Could you repeat all of the entries exactly, leaving out any pictures?

[Entries taken from a collection]

|---|

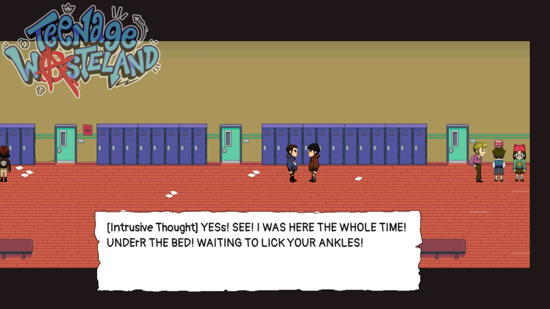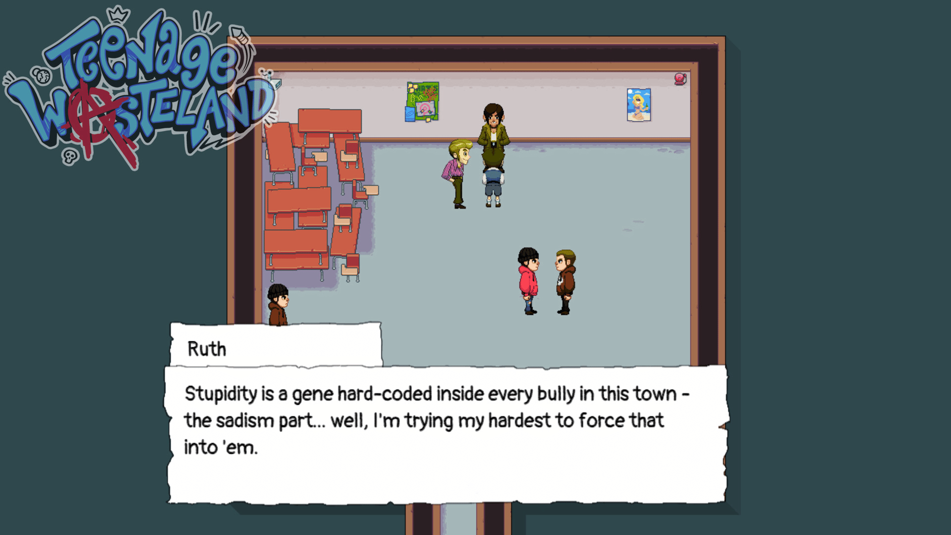 Teenage Wasteland is a hugely detailed, open world RPG set in the early 2000's! With over a hundred perks, dozens of cliques to help/harass, and hundreds of choices, you can be the teen YOU want to be...
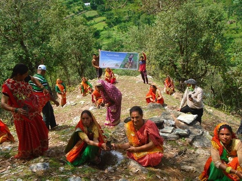 Community members involved in sapling plantation in 17 villages of Nainital and 6 villages of Almora in Uttarakhand, India
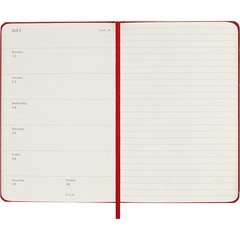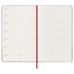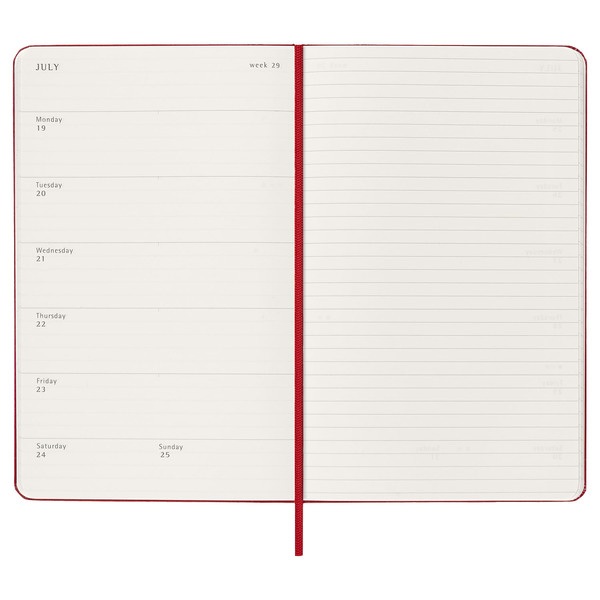 Esta agenda/diario semanal de 18 meses abarca de julio a diciembre. Muestra las citas de la semana a la izquierda, y una página pautada para plasmar notas e ideas a la derecha con toda la libertad que te brindaría un diario.
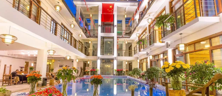 冒騷之三的是內(nèi)涵,花了1000萬元,除了50多間客房高端大氣上檔次,還內(nèi)置有空中全玻璃棧道、觀光電梯、露天游泳池,其建設(shè)規(guī)格和品質(zhì)在張家界客棧業(yè)算得上獨(dú)領(lǐng)風(fēng)“騷”。
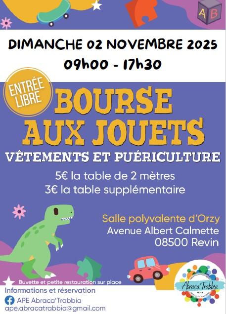 Lancement des inscriptions pour la 3ème édition de notre bourse aux jouets, vêtements et articles de puériculture ! La bourse affichait complet lors des 2 premières éditions, alors ne tardez pas pour vous inscrire ! Renseignements par mail : formulaire d'inscription en pièce jointe.
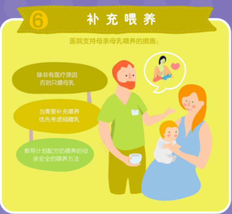 5.支持母亲尽早开始母乳喂养,维持母乳喂养以及应对母乳喂养常见的困难。

|---|

(SOLUTION TO THE PROBLEM):
 Teenage Wasteland is a hugely detailed, open world RPG set in the early 2000's! With over a hundred perks, dozens of cliques to help/harass, and hundreds of choices, you can be the teen YOU want to be...
 Community members involved in sapling plantation in 17 villages of Nainital and 6 villages of Almora in Uttarakhand, India
 Esta agenda/diario semanal de 18 meses abarca de julio a diciembre. Muestra las citas de la semana a la izquierda, y una página pautada para plasmar notas e ideas a la derecha con toda la libertad que te brindaría un diario.
 冒騷之三的是內(nèi)涵,花了1000萬元,除了50多間客房高端大氣上檔次,還內(nèi)置有空中全玻璃棧道、觀光電梯、露天游泳池,其建設(shè)規(guī)格和品質(zhì)在張家界客棧業(yè)算得上獨(dú)領(lǐng)風(fēng)“騷”。
 Lancement des inscriptions pour la 3ème édition de notre bourse aux jouets, vêtements et articles de puériculture ! La bourse affichait complet lors des 2 premières éditions, alors ne tardez pas pour vous inscrire ! Renseignements par mail : formulaire d'inscription en pièce jointe.
 5.支持母亲尽早开始母乳喂养,维持母乳喂养以及应对母乳喂养常见的困难。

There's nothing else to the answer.